# Went to HI today



## Sandman456! (Mar 27, 2017)

Final total 6 sharks 1 jack. Had a hard time catching bait. I got there about 12:30 and stayed till dark. My son Hunter did a good job working the big jack over.


----------



## deckid (Jul 25, 2011)

Good job Hunter, nice jack. Teach them young and they will never forget.


----------



## Mr. Saltwater (Oct 5, 2012)

Awesome!! Those jacks put up a good fight.


----------



## Nitrobay (Jan 1, 2014)

Hey still getting use to fishing the surf what's the best bait for reds live mullet?


----------



## Sandman456! (Mar 27, 2017)

Nitrobay said:


> Hey still getting use to fishing the surf what's the best bait for reds live mullet?


I like to use mullet, whiting or croaker.
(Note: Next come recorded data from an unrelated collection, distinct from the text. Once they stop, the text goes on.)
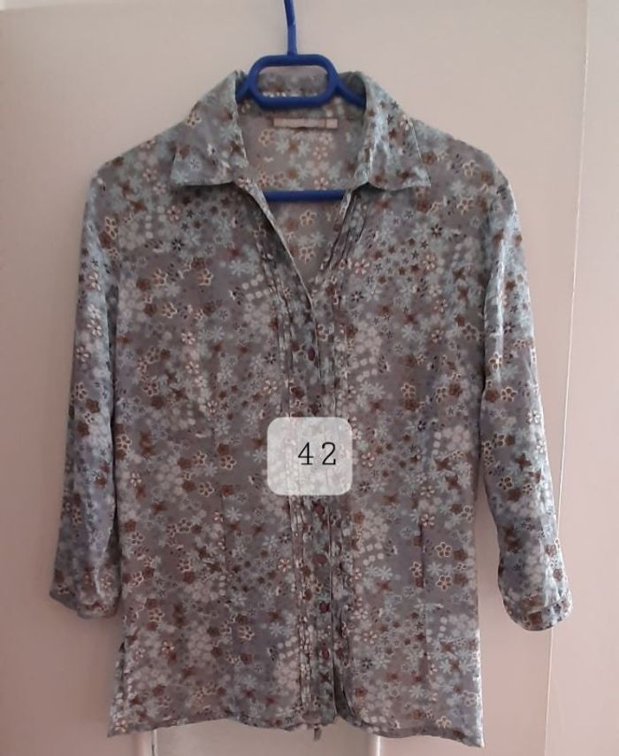 Tunique Daxon. Coupe classique. 42. Coton. Fente côtés. Petit cordon dos. Manche 3/4. Coloris gris bleuté/marron clair.
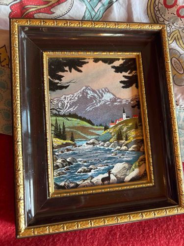 A high-quality vintage decorative miniature featuring a fine woven silk tapestry, likely produced by the German company Ney (STN) in the mid-20th century. The artwork depicts a classic European Alpine landscape, characterized by snow-capped peaks, a rushing river with rocky banks, a small mountain village with a church spire, and a solitary deer in the foreground. The piece is notable for its intricate mechanical weaving technique, which simulates a three-dimensional depth and utilizes a vibrant palette of blues, greens, and earth tones. The tapestry is housed in a substantial wooden frame with a dark mahogany-look finish and gadrooned gilt (gold-leaf style) inner and outer borders. The construction suggests an era ranging from the 1950s to the 1970s. The condition appears excellent with no visible fraying to the silk, though minor surface dust is present. The frame shows light age-related rubbing on the raised gilt edges but remains structurally sound. The craftsmanship exemplifies the detailed decorative souvenirs popular in the post-war European tourism market, specifically from the Alpine regions of Germany, Austria, or Switzerland.
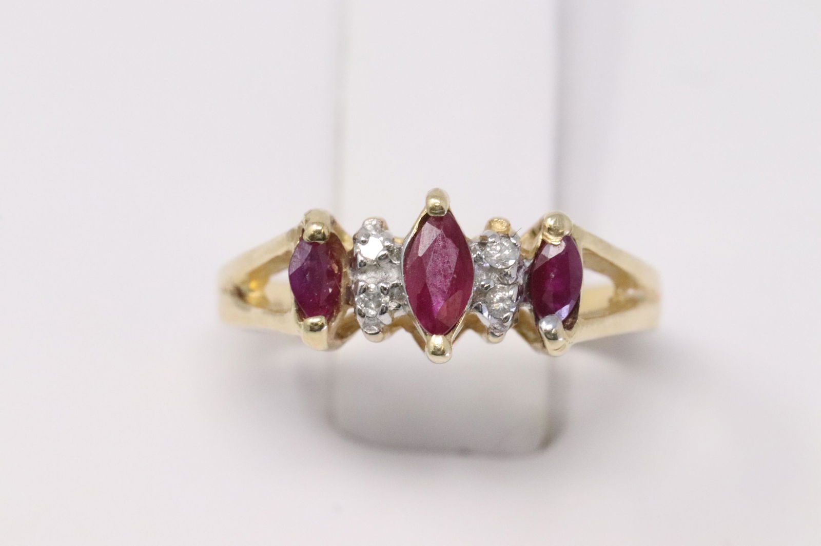 Vintage Ladies 14k Gold Ruby Diamond Ring
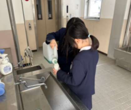 健康委員会の児童が各所の石けんを補充してくれています。石けんをつけることも忘れずに手洗いをしてほしいです。

For Bull Red I like to take a big mullet cut him in half and hook him though the eye sockets with a 16/0 circle hook and cast into the second gut. Really no telling what you'll catch.


----------



## [email protected] (Jan 14, 2005)

Sweet trip and nice JACK!
The secret for quality bat is "Seapony"!


----------



## HoustonKid (Dec 29, 2005)

Nice


----------



## Nitrobay (Jan 1, 2014)

Thanks!!!


----------